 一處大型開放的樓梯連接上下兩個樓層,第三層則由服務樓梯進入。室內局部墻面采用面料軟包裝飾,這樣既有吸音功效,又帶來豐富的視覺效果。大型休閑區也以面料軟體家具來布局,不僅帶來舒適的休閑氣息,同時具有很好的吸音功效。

* * *

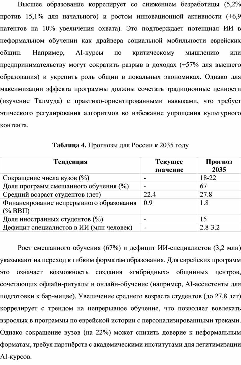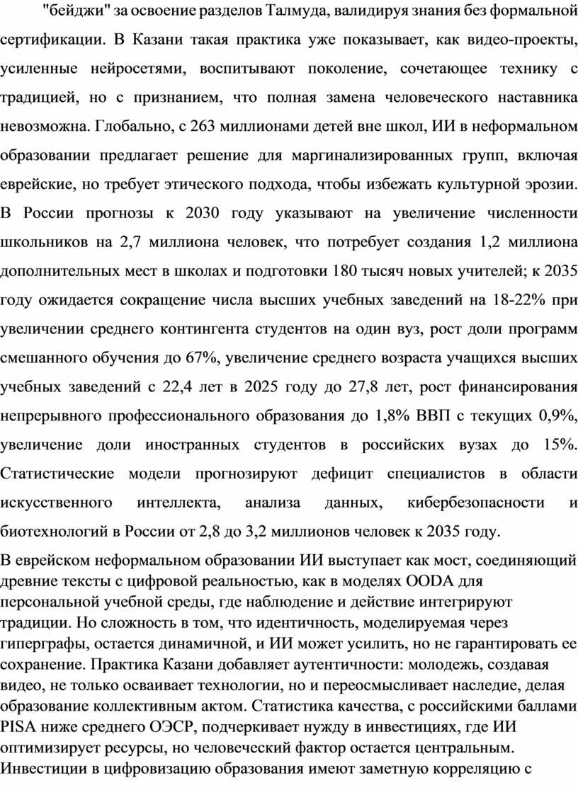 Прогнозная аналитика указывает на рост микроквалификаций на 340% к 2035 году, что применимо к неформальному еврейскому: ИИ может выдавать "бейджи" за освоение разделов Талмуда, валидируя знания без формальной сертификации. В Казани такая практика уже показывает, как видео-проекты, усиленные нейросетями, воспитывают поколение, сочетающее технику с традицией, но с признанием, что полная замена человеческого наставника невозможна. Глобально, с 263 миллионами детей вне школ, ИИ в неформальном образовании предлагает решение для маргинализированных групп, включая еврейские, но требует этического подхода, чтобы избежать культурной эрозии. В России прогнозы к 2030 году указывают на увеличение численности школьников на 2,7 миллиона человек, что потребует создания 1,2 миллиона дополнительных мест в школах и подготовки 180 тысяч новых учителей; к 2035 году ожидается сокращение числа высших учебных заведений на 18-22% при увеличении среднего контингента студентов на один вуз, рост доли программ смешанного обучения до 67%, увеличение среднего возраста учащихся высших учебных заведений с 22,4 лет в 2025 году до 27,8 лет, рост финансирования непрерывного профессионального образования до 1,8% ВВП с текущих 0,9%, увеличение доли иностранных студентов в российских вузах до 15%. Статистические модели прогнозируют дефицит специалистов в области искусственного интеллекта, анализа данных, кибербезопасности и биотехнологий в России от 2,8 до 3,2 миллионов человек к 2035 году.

---

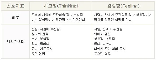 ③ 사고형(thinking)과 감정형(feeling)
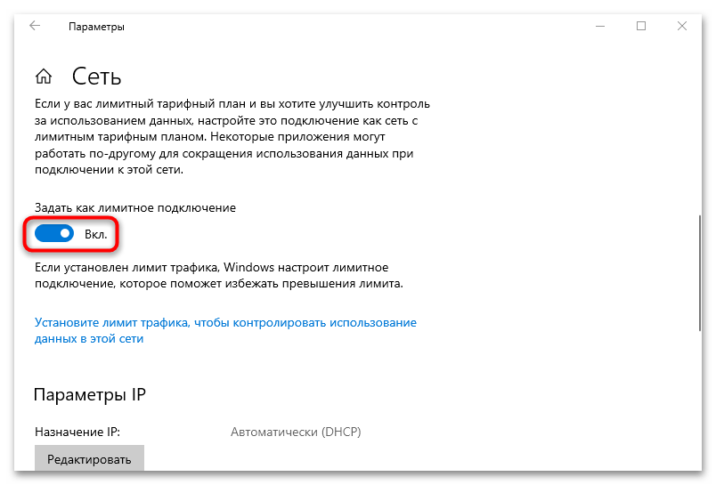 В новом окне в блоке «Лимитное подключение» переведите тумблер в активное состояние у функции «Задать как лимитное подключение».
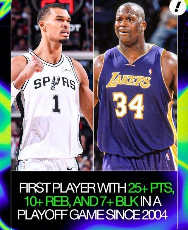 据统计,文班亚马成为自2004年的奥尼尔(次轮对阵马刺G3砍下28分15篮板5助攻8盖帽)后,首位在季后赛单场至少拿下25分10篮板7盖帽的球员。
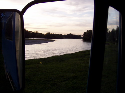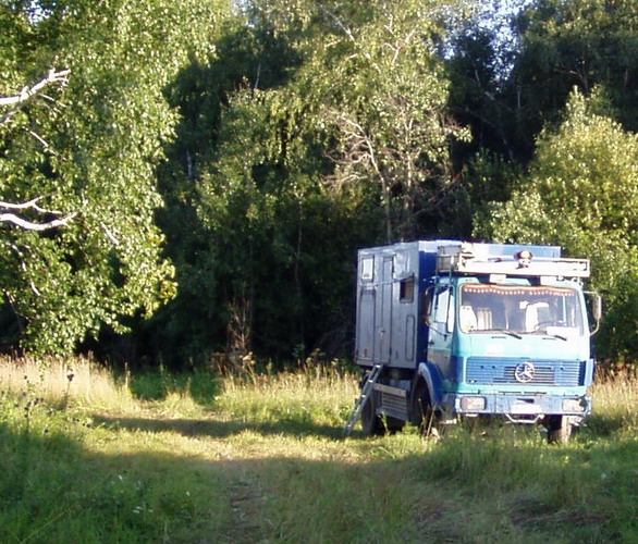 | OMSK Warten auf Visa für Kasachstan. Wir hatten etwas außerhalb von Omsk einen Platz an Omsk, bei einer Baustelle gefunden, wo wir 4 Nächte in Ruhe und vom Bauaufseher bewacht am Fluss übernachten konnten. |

Brief: In the listing above, find the line containing "据统计,文班亚马成为自200" and the line containing "übernachten konnten. |", then write out both of them and every line between, exactly, with no pictures.

Finished exercise:
 据统计,文班亚马成为自2004年的奥尼尔(次轮对阵马刺G3砍下28分15篮板5助攻8盖帽)后,首位在季后赛单场至少拿下25分10篮板7盖帽的球员。
 | OMSK Warten auf Visa für Kasachstan. Wir hatten etwas außerhalb von Omsk einen Platz an Omsk, bei einer Baustelle gefunden, wo wir 4 Nächte in Ruhe und vom Bauaufseher bewacht am Fluss übernachten konnten. |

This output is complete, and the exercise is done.